Once instance is created, you can access the flow by typing http://localhost:54321 in your browser. Flow is the name of the web interface that is part of h2o which does not require any extra installations. It is written in CoffeeScript(a JavaScript like language). You can use it for doing the following things:

  • Upload data directly
  • View data uploaded by the client
  • Create models directly
  • View models created by you or your client
  • view predictions
  • Run predictions directly

The interface is quite useful and provides an ease of use to non-experts.

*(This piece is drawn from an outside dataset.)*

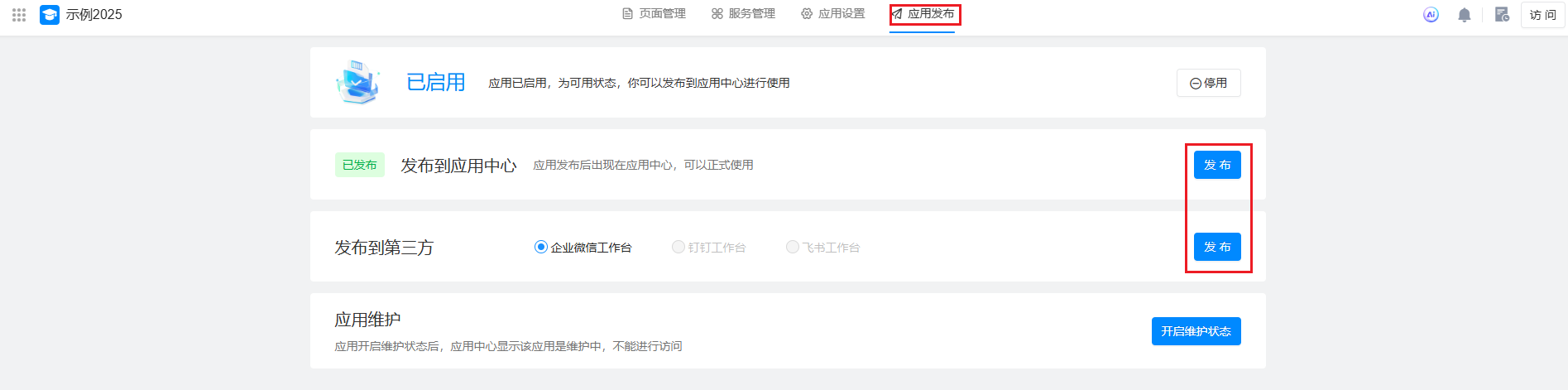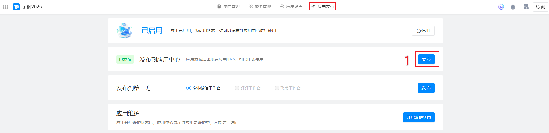应用搭建应用发布发布本页总览发布 通过应用发布的设置,可以选择应用允许哪些设备终端显示,也可以发布到第三方平台,并支持隐藏指定的页面元素。 发布到应用中心 在"应用发布" > "发布"页面, 发布到第三方
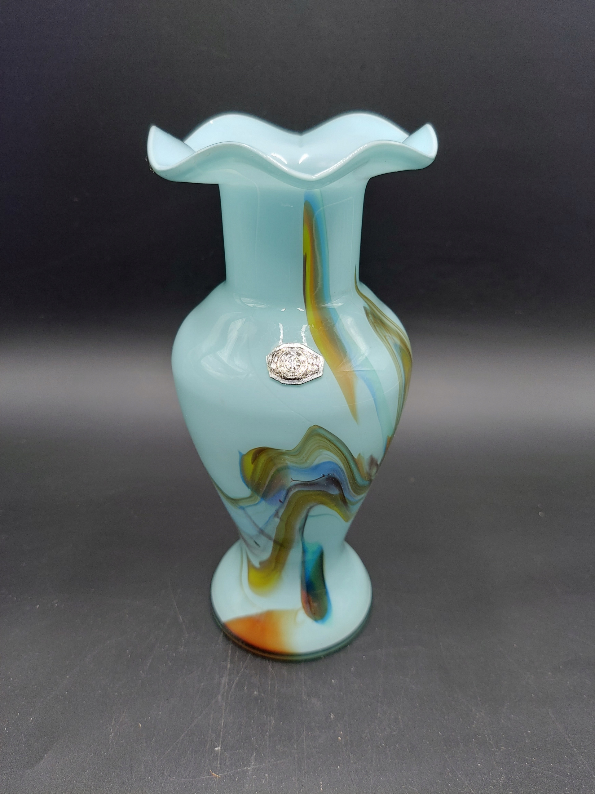 Стеклянная ваза Бохо, голубой опал, Чехия

I would recommend to try it and perform some experiments of your own.

AutoML

Now talking about AutoML. This feature in H2O helps in automatic training and tuning of many models within a user-specified time limit.

The current version of AutoML function can train and cross-validate the following algorithms

Supervised

  • Cox Proportional Hazards (CoxPH)
  • Deep Learning (Neural Networks)
  • Distributed Random Forest (DRF)
  • Generalized Linear Model (GLM)
  • Generalized Additive Models (GAM)
  • Gradient Boosting Machine (GBM)
  • Naïve Bayes Classifier
  • Stacked Ensembles
  • Support Vector Machine (SVM)
  • XGBoost

Unsupervised

  • Aggregator
  • Generalized Low Rank Models (GLRM)
  • Isolation Forest
  • K-Means Clustering
  • Principal Component Analysis (PCA)

Miscellaneous

  • Word2vec

When we say AutoML. It should cater to all aspects of data preparation, Model generation, and Ensembles. It should also provide few parameters as possible so that users can perform tasks with much less confusion. H2o AutoML does perform this task with ease and the minimal parameter passed by the user.

We will get into more details about its usage in future posts.